The full listing, returned exactly and free of pictures, is the expected answer.

_DATASET SECTION_:

══════════════════════════════

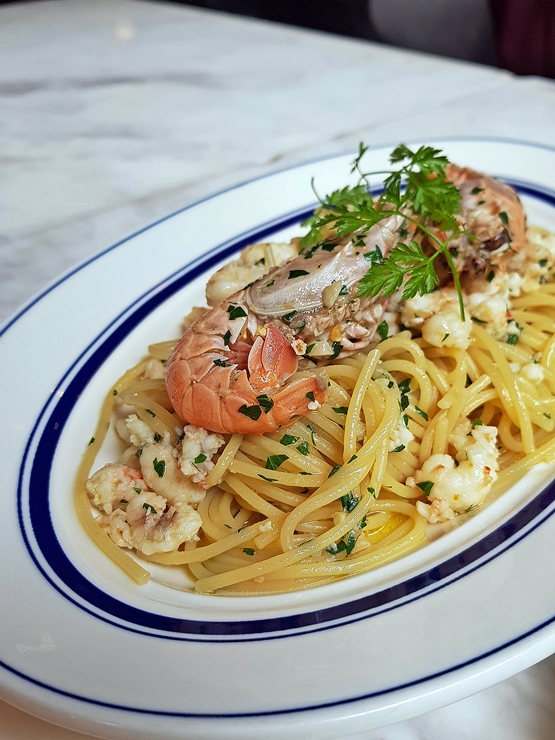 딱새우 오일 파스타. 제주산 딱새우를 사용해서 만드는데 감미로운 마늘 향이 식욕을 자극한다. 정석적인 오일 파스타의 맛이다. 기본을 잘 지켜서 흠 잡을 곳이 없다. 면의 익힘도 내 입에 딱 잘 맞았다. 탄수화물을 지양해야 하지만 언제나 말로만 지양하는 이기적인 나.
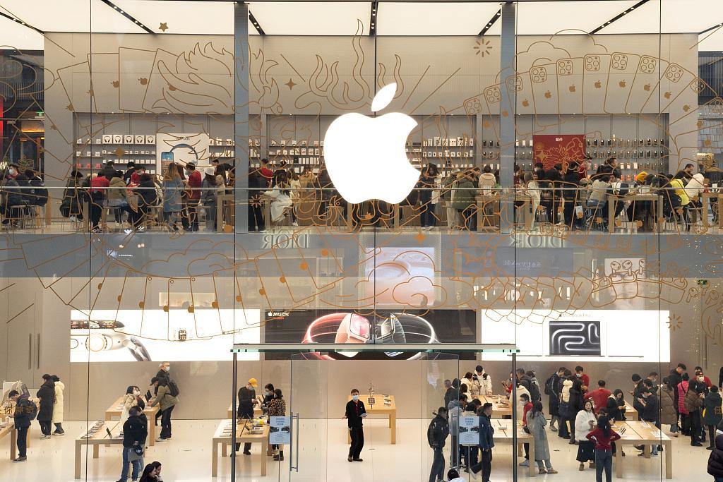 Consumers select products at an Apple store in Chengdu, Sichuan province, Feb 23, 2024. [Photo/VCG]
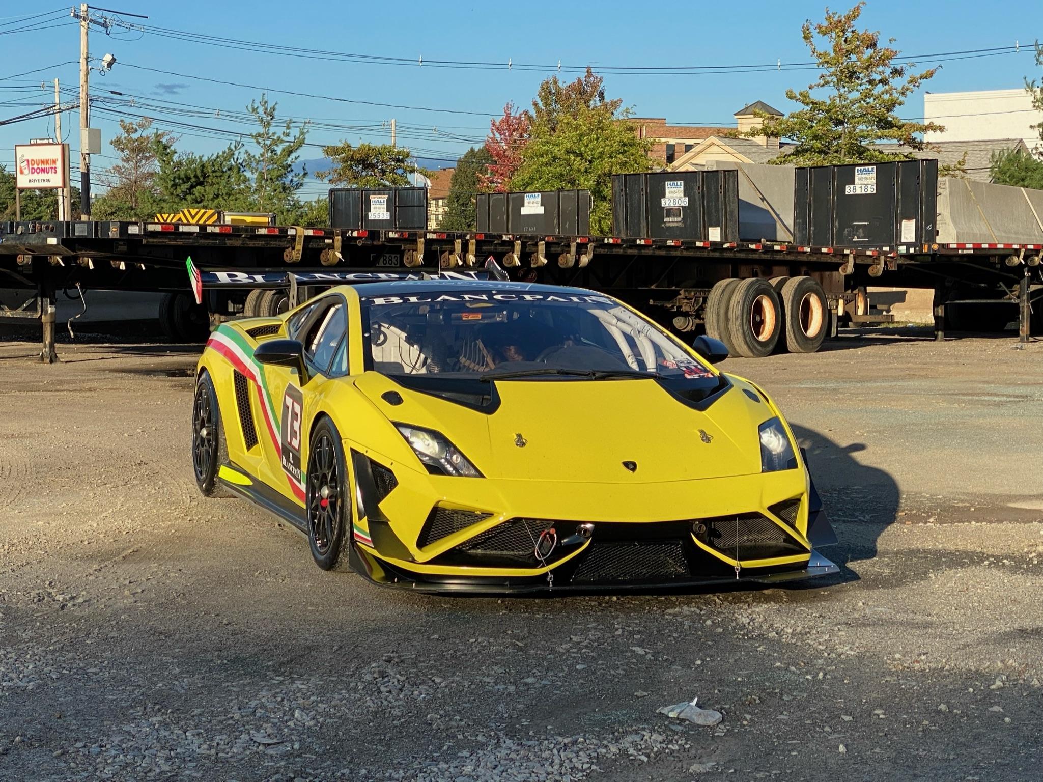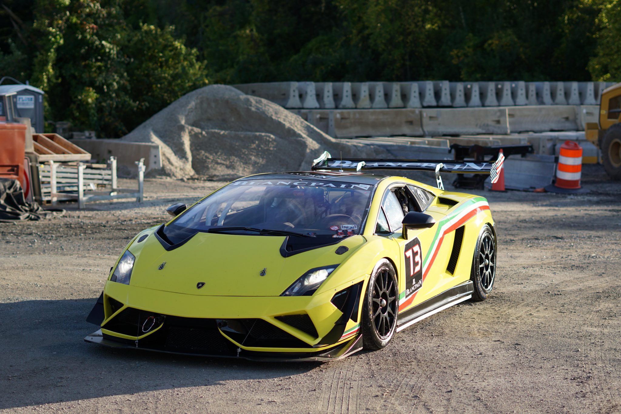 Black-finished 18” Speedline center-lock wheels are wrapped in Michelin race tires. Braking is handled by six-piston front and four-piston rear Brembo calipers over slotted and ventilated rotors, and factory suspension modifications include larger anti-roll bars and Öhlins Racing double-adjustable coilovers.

══════════════════════════════

_SOLUTION TO THIS TASK_:
 딱새우 오일 파스타. 제주산 딱새우를 사용해서 만드는데 감미로운 마늘 향이 식욕을 자극한다. 정석적인 오일 파스타의 맛이다. 기본을 잘 지켜서 흠 잡을 곳이 없다. 면의 익힘도 내 입에 딱 잘 맞았다. 탄수화물을 지양해야 하지만 언제나 말로만 지양하는 이기적인 나.
 Consumers select products at an Apple store in Chengdu, Sichuan province, Feb 23, 2024. [Photo/VCG]
 Black-finished 18” Speedline center-lock wheels are wrapped in Michelin race tires. Braking is handled by six-piston front and four-piston rear Brembo calipers over slotted and ventilated rotors, and factory suspension modifications include larger anti-roll bars and Öhlins Racing double-adjustable coilovers.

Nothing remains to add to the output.